A PAIXÃO DE CRISTO
REVELA-SE NA NOSSA PAIXÃO
”Era já mais ou menos a hora sexta quando houve treva sobre
a terra inteira até a hora nona, tendo desaparecido o sol. O véu do santuário
rasgou-se ao meio, e Jesus deu um grande grito: “Pai, em tuas mãos entrego o
meu espírito”. Dizendo isso expirou”. (Lc. 23, 44-46).

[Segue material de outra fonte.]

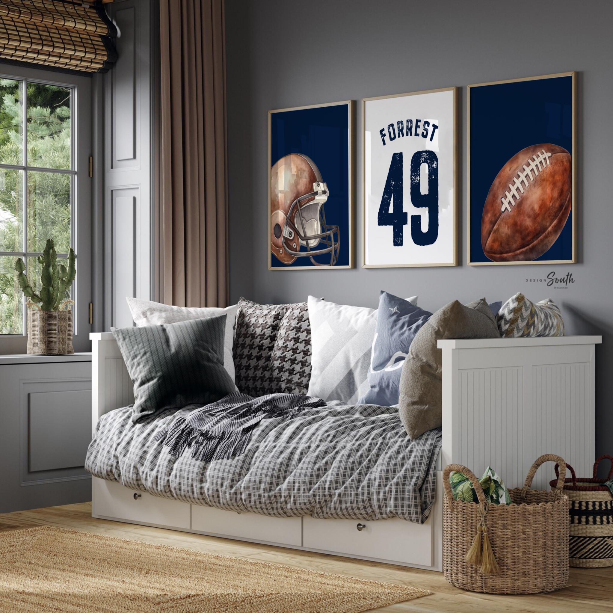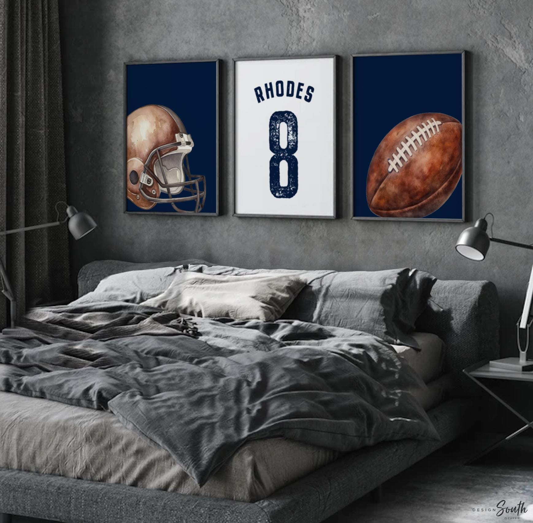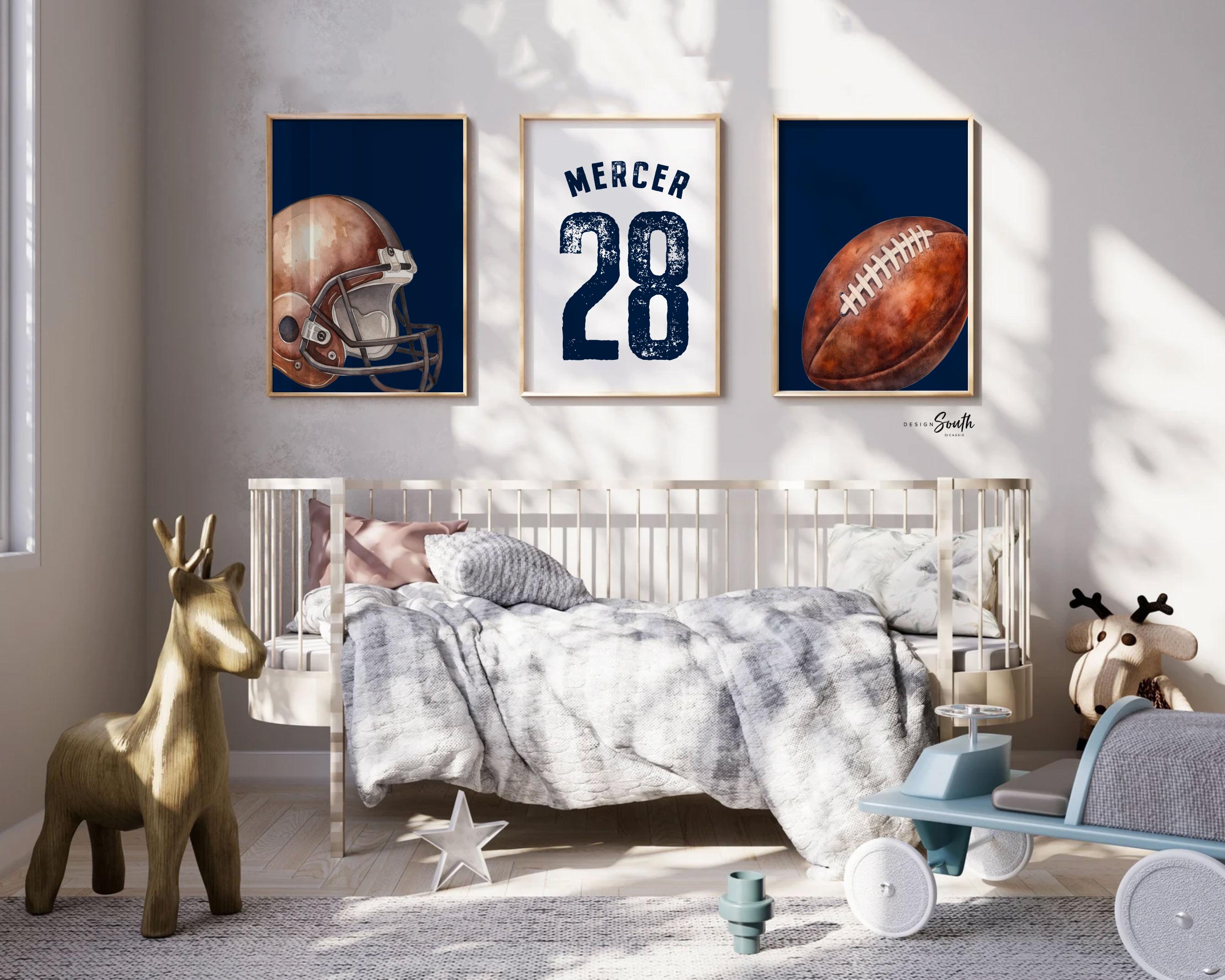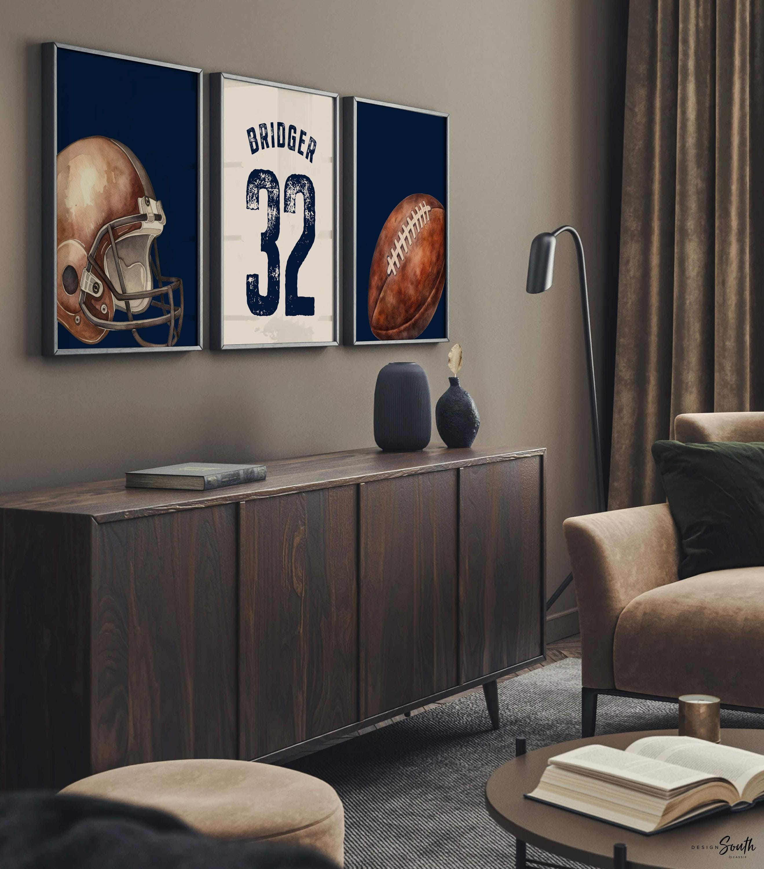 Personalized Football Nursery Prints: Custom Name, Jersey Number, Set of 3

Jesus foi e continua sendo um sinal de contradição para os
homens enquanto Filho de Deus, que veio para salvar a humanidade de sua
condição de miséria, fruto da natureza decaída, e condição de controvérsia para
as paixões humanas: o egoísmo, o poder, a violência, as drogas, o tráfico, os
assassinatos, os assaltos, a falta de respeito, as discórdias, as mentiras, a
hipocrisia e a corrupção política, são elementos de nossa barbárie regressada.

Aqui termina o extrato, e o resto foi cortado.